▶ _What is being asked_
Take the listing below and write it out again exactly, skipping any picture that it holds.

▶ _Input_
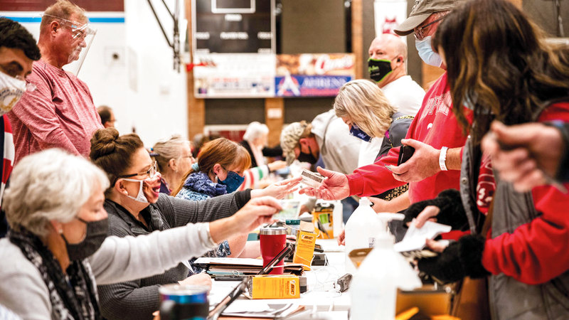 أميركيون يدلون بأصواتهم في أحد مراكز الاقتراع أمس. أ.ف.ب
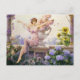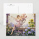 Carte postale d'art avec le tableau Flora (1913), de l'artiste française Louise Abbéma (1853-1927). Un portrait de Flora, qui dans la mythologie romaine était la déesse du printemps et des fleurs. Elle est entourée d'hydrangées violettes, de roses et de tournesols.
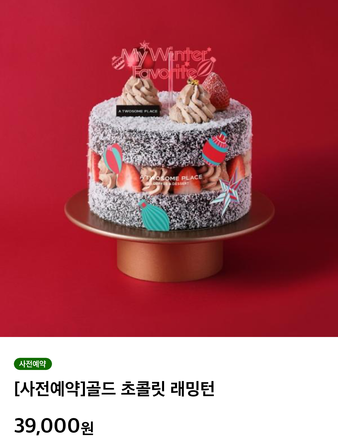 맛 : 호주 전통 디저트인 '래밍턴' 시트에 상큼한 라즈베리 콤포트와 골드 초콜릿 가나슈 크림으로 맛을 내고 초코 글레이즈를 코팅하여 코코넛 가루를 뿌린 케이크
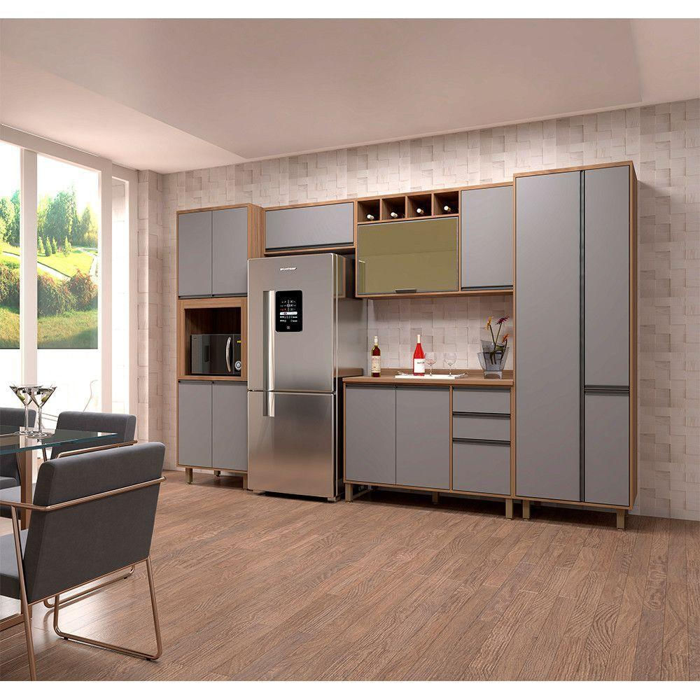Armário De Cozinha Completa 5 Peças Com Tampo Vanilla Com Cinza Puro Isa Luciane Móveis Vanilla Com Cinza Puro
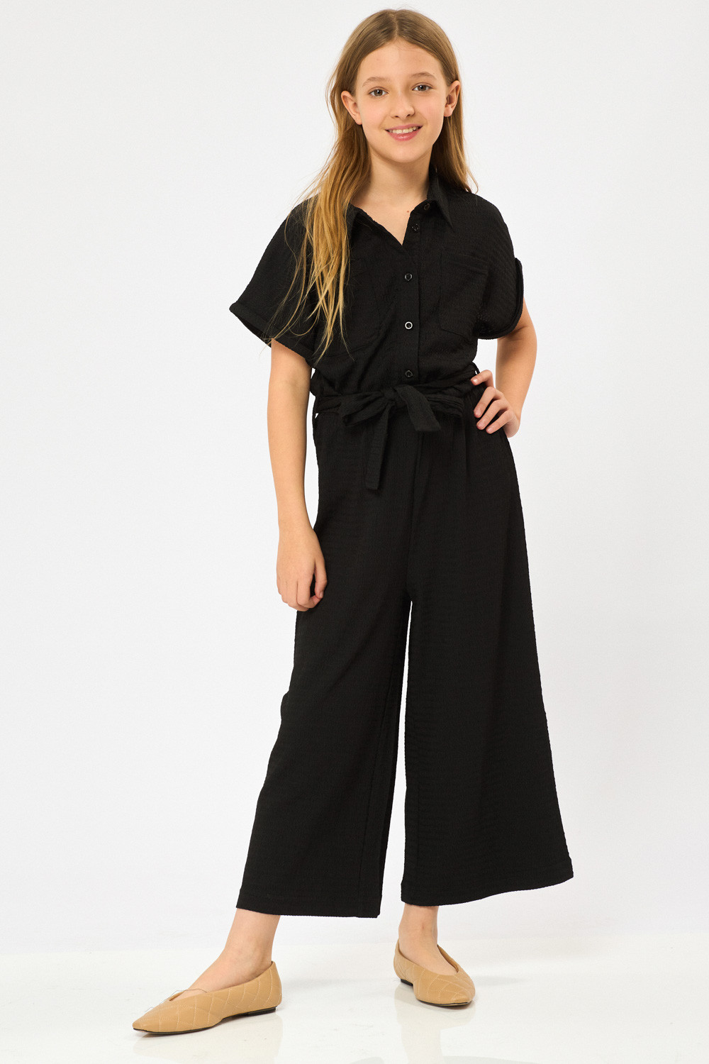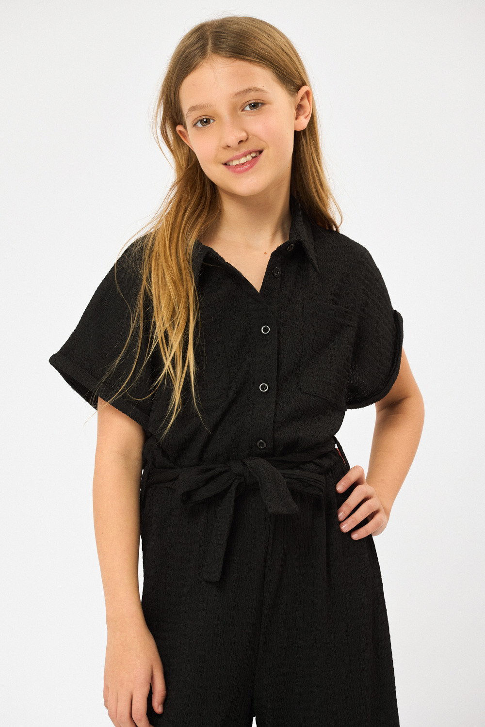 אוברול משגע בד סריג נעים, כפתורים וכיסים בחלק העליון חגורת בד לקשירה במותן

▶ _Solution_
 أميركيون يدلون بأصواتهم في أحد مراكز الاقتراع أمس. أ.ف.ب
 Carte postale d'art avec le tableau Flora (1913), de l'artiste française Louise Abbéma (1853-1927). Un portrait de Flora, qui dans la mythologie romaine était la déesse du printemps et des fleurs. Elle est entourée d'hydrangées violettes, de roses et de tournesols.
 맛 : 호주 전통 디저트인 '래밍턴' 시트에 상큼한 라즈베리 콤포트와 골드 초콜릿 가나슈 크림으로 맛을 내고 초코 글레이즈를 코팅하여 코코넛 가루를 뿌린 케이크
Armário De Cozinha Completa 5 Peças Com Tampo Vanilla Com Cinza Puro Isa Luciane Móveis Vanilla Com Cinza Puro
 אוברול משגע בד סריג נעים, כפתורים וכיסים בחלק העליון חגורת בד לקשירה במותן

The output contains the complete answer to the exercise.